The Berkshire Opera Co. purchased the first home of its own two years ago, the 1905 vaudeville (then movie) house known as the Mahaiwe Theater in Great Barrington, Mass. Its first full production in it is Benjamin Britten's 1954 chamber opera "The Turn of the Screw," adapted from the classic Henry James tale.
The Berkshire Opera Co. purchased the first home of its own two years ago, the 1905 vaudeville (then movie) house known as the Mahaiwe Theater in Great Barrington, Mass. Its first full production in it is Benjamin Britten’s 1954 chamber opera “The Turn of the Screw,” adapted from the classic Henry James tale.
The production may have been a bit premature: The theater lacks air conditioning (it was uncomfortable on opening night), and it still requires extensive renovation, although it is potentially an excellent opera house. Nevertheless, the production is musically impressive and shows off the house’s spacious intimacy; large stage and orchestra pit; and warm, clear acoustics.
Calling it a “full” production may be stretching things, however. Presumably for budget reasons, Britten’s remarkable work is performed on an essentially set-free stage. The rear wall is revealed, with old-fashioned wings suggesting woods on either side. Lighting, fog and a few props and pieces of furniture are used, imaginatively, to suggest outdoors and indoors.
A single strip of blue neon across the rear wall is an effective substitute for a lake, and shadows, particularly those of young Miles sitting on his bed, are cleverly manipulated. Autumn leaves cover the stage at one point, remaining there for later indoor scenes. This fits in well with the tale’s eerieness.
Director Ron Daniels, associate artistic director of the American Repertory Theater in Cambridge, Mass., has wisely allowed the opera to be the driving directorial force, opting mostly for simplicity in his staging. Unfortunately, this staging lacks any real aura of haunted mystery. What’s more, Daniels is unable to weld its two acts and 16 scenes into a seamless whole rather than a series of individual scenes, in part because the front curtain is lowered between every scene, which doesn’t always seem to be necessary for prop-changing reasons.
Also, the lack of any actual scenery with gauzy scrims means that the spirits of Peter Quint and Miss Jessel are often all too corporeal. Yet within these limitations, Daniels and his cast have achieved real musical and theatrical dividends.
Director makes good use of one of the theater’s front boxes. It’s from here that the Prologue is strongly sung by tenor Carl Halvorson, who goes on to be a splendid Peter Quint, vocally and visually. Here, too, are visions of the ghostly Quint and Miss Jessel (the latter vividly performed by Elizabeth Shammash).
Soprano Jennifer Aylmer’s Governess may look a bit more mature than usual but is nevertheless strongly projected, though she is hard put to live up to the wonderfully solid mezzo Mary Ann McCormick as Mrs. Grose, the housekeeper.
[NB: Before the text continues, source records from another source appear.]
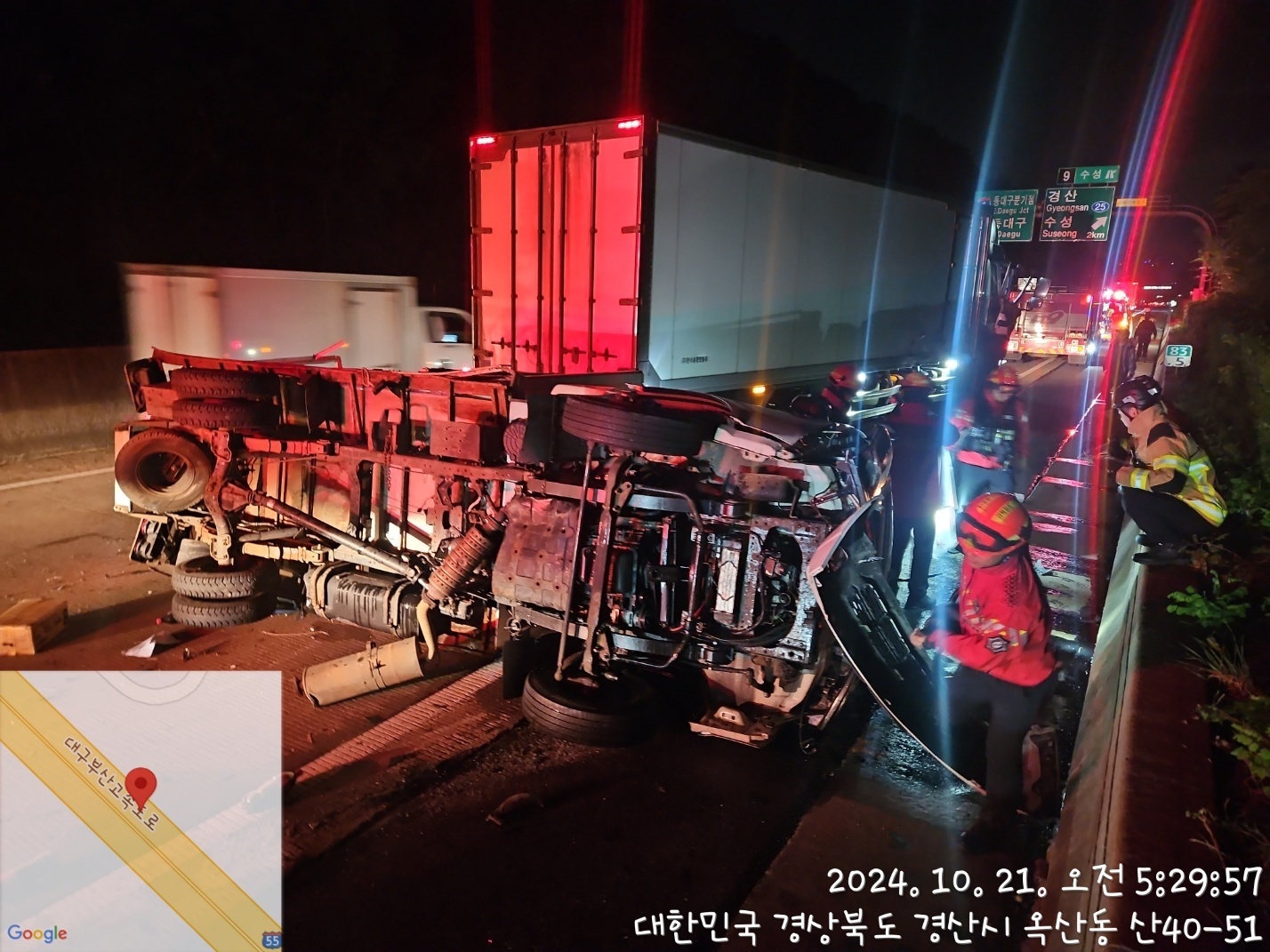 "넘어진 화물차 뒤를 '쾅'"···경북 경산 신대구부산고속도로서 화물차 2차 사고로 40대 운전자 다쳐
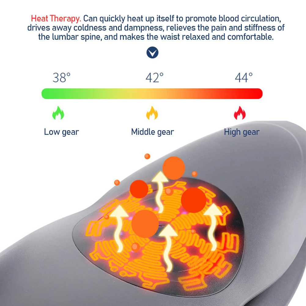 Вибрационный массаж. Использует встроенные мощные массажные двигатели для создания успокаивающей вибрации. Может усилить массажный эффект и дополнительно снять напряжение и болезненность мышц поясницы.
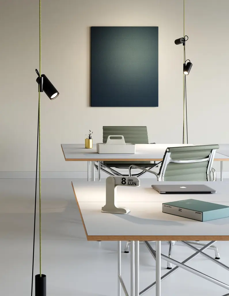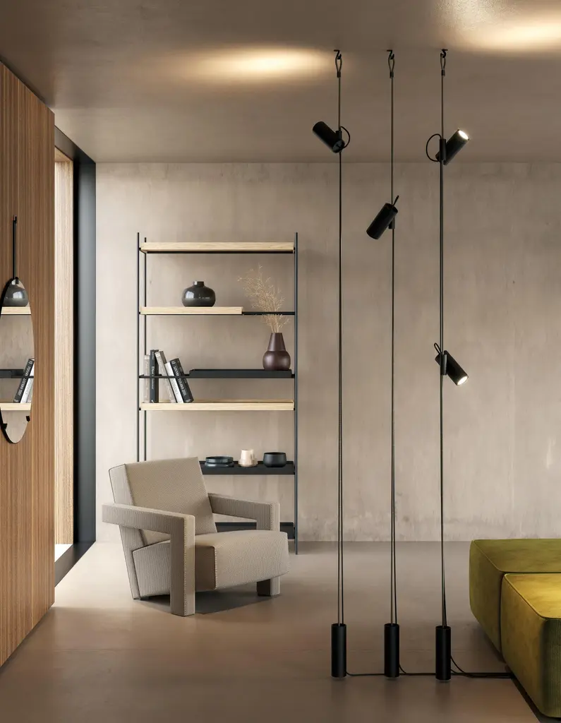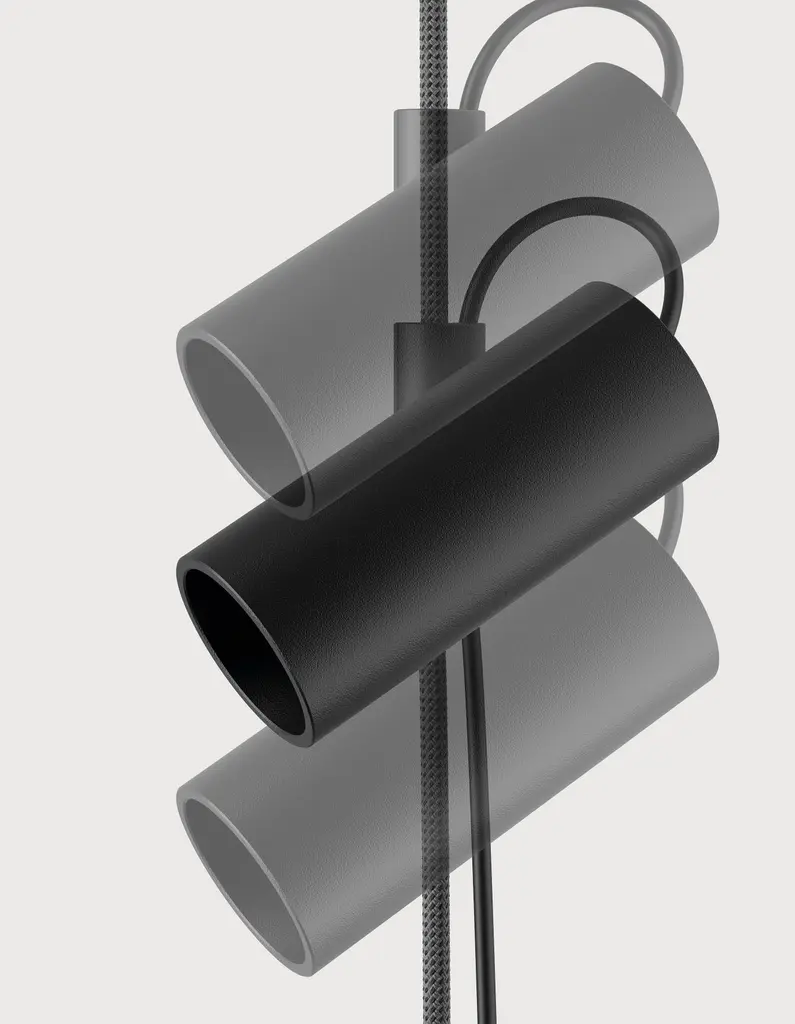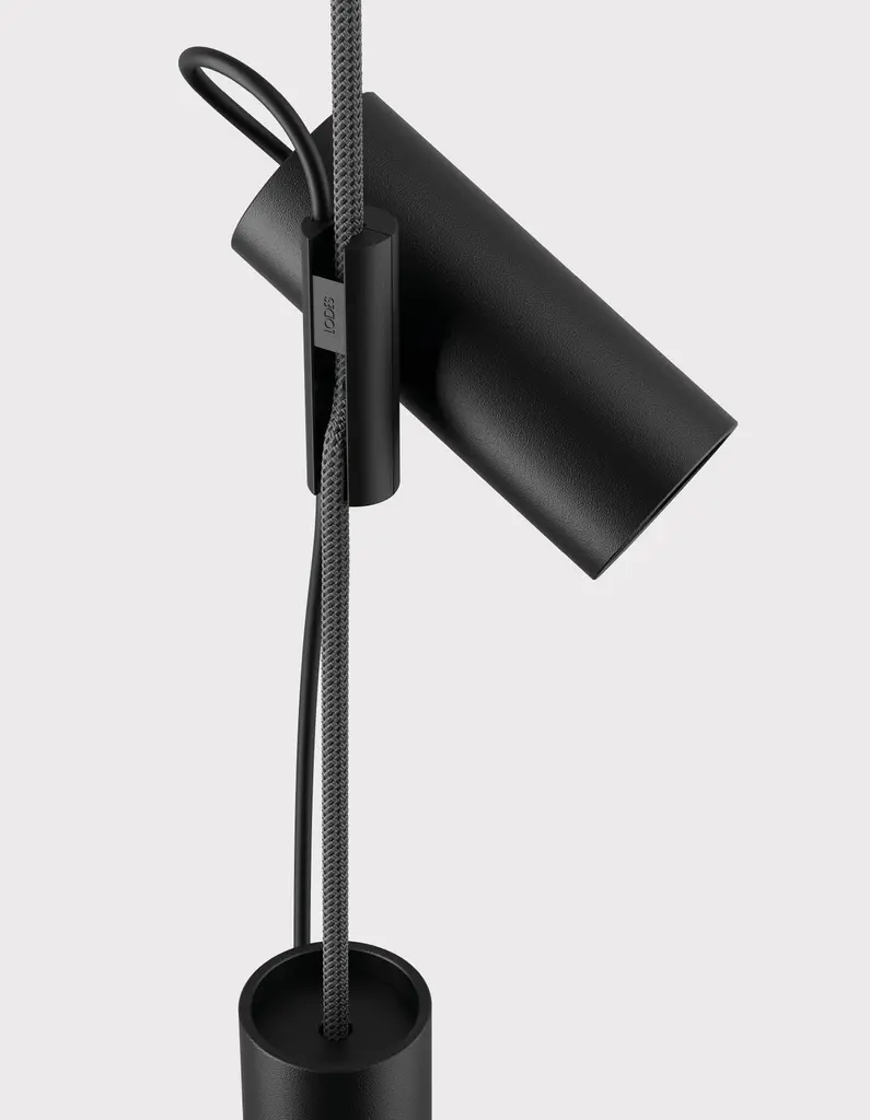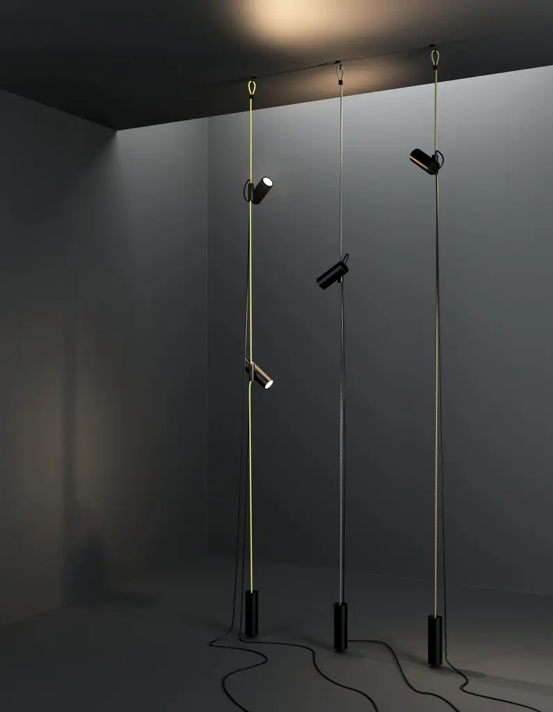 Inspired by the function of the jam cleats found in sailing boats, Cima —a nautical rope in Italian— is a “suspended” lamp characterised by a ceiling-to-floor rope, a sleek and highly functional design element. A joint that holds the lamp body slides vertically along the rope, while the counterweight allows to manage any excess rope. The simple cylindrical shapes and the black colour of these elements highlight the three brilliant finishes of the rope, vibrant accents to suit any interiors and décor mood.Cima is a “suspended” lamp, conceived as a practical lighting solution that can be rapidly altered to meet the needs of those who use it. Cima’s hallmark is a ceiling-to-floor rope, a graphic and functional element with an eyelet that allows it to be fixed to the ceiling. An injection moulded polymer joint slides vertically along the rope and locks at any desired point. The lamp body resting on the joint swivels to bring light where it is needed. The counterweight enables to readjust any excess of rope for lower ceilings. The switch button is placed on the power cord for easy use.With their cylindrical shapes and sophisticated yet technical textured black finish, the lamp body, the joint and the counterweight accentuate the colours of the rope —gold, yellow or silver. The versatility of configuration and the GU10 commercial light bulb socket make Cima a flexible lamp that can be adapted to the lighting needs of any environment. With Cima, lighting can be easily shared and regulated, creating a sense of inclusiveness within the light wavelength range.Available in different options:Finish:• Silver• Gold• YellowDIMENSIONS:Ø 6 x H. 430 cm

As Miles, boy soprano Trevor Kaplan-Newman seems small voiced to begin with but goes on to rise to his role’s demands like a real pro, particularly in his Malo song, though he just misses the chilling dramatic impact of his final scream before dying — “Peter Quint, you devil!” Adult soprano Ilana Davidson is suitably youthful as Miles’ older sister, Flora.
Not surprisingly, the dramatic high point is the powerful aria “The ceremony of innocence is drowned,” sung first by Halvorson, then joined by Shammash.
Under Joel Revzen’s assured baton, the 13-member chamber orchestra plays, as it must, like a group of individual soloists working closely together. That’s a good thing, since the acoustics and the pit leave them highly exposed. The only problem here was that Revzen and the players sometimes misjudged their soft playing to the point where it almost faded away.
The Berkshire Opera has a long way to go with its fund-raising and its renovation of the Mahaiwe. But its firmly established reputation for quality opera has not been tarnished by its first production in its new home. And, thankfully, air conditioning is promised for the 19th season next summer.